What the task asks —
Filter the entries for the word "where". Copy each line in which it occurs.
(The data begins)
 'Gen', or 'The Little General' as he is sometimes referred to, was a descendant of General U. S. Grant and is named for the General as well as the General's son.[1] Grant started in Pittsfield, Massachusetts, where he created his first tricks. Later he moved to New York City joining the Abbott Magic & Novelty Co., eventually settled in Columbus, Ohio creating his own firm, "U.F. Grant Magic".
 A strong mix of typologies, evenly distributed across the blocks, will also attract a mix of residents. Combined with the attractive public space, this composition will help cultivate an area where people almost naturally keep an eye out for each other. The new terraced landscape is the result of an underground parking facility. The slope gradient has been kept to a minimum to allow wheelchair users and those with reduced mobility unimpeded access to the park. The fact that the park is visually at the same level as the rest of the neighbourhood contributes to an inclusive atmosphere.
(The data ends)
(The data begins)
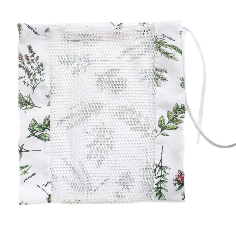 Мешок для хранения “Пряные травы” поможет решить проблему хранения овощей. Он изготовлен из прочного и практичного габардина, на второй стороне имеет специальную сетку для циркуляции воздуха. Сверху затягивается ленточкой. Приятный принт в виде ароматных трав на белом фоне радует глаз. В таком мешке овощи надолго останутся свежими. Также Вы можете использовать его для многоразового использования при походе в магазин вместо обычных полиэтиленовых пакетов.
(The data ends)
Solved exercise —
 'Gen', or 'The Little General' as he is sometimes referred to, was a descendant of General U. S. Grant and is named for the General as well as the General's son.[1] Grant started in Pittsfield, Massachusetts, where he created his first tricks. Later he moved to New York City joining the Abbott Magic & Novelty Co., eventually settled in Columbus, Ohio creating his own firm, "U.F. Grant Magic".
 A strong mix of typologies, evenly distributed across the blocks, will also attract a mix of residents. Combined with the attractive public space, this composition will help cultivate an area where people almost naturally keep an eye out for each other. The new terraced landscape is the result of an underground parking facility. The slope gradient has been kept to a minimum to allow wheelchair users and those with reduced mobility unimpeded access to the park. The fact that the park is visually at the same level as the rest of the neighbourhood contributes to an inclusive atmosphere.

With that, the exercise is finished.